マチウの作者は、ここでも、キリスト教を迫害するユダヤ教という、手なれた公式を、憎悪をこめた発想によって、この伝承のなかへ封じこめる。ローマのユダヤ総督は、群衆のまえで手をあらって言う。「わたしは、この正義の人の血について関知しない。おまえたちのせいである。」と。人々はこたえる。

「かれの血が、われわれと、われわれの子孫の責にきしてたまるものか。」

総督によって象徴されるローマ的秩序と、群衆によって象徴されるヘブライ的秩序とは、原始キリスト教の憎悪の造型によって脅迫されている。ニーチェをかんかんに瞋らせたキリスト教的な発想の根源というものであろう。血とか、契約とかいう言葉で、あの素朴なユダヤ教の倫理、神から生活のなかへおりてきた倫理とは全くちがった陰惨な内容を象徴させたのは、原始キリスト教のソシャルコムプレックスにほかならない。

十字架にかけられたジュジユは、息たえるにあたって、「エロイエロイラマサバクタニ」(当方注 原文の文字下記の通り。)という。



「わが神、わが神、おまえはなぜわたしをすてたのか。」と。詩篇二十二の「暁の鹿」の曲にのせて唱人の長にうたわせたダヴィドの詩である。マチウの作者が、死に絶えるジュジユに、詩篇のなかのダヴィドの言葉を吐かせたら最後の引用をえて、その主人公を死なせる。ジュジユが死にあたって諳誦していたヘブライ聖書の文句を想いおこして口にしたのだと言った類の、神学者たちの解釈は不必要である。マチウには、すべて信仰によることは悪であるまいかとさえ考える。それは人間の思考をでなく、思考の意味を奪うからである。ヘブライ聖書を縦横に引用し、また人物構成の素材としてこなせるほど諳誦していたのは、ジュジユという教祖ではなく、それを制作した作者だ。
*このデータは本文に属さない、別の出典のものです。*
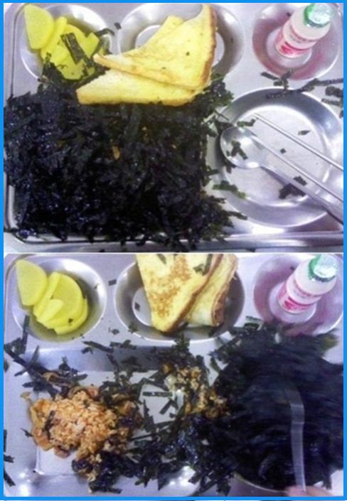 ‘위장 중인 급식’ 사진에 누리꾼들은 "밥보다 김이 많네", "볶음 밥의 은신술", "김가루만 잔뜩있네"등의 재밌다는 반응을 보였다. (사진-온라인 커뮤니티)

マチウ書には、ジュジユの死のあとに、復活物語がつけくわえられているが、それは当時のメシア再臨信仰(すなわち、原始キリスト教の根本理念)にのっとって、ダニエル書六の十四にわたる獅子の穴に封じこめられたダニエルが、無傷のまま、あなから出られたという物語をヒントとしてつくられたものだ。ぼくたちはもう、ジュジユのロギアという名目で、マチウ書のなかにばら撒かれている原始キリスト教の思想的箴言にたちむかうべきであろう。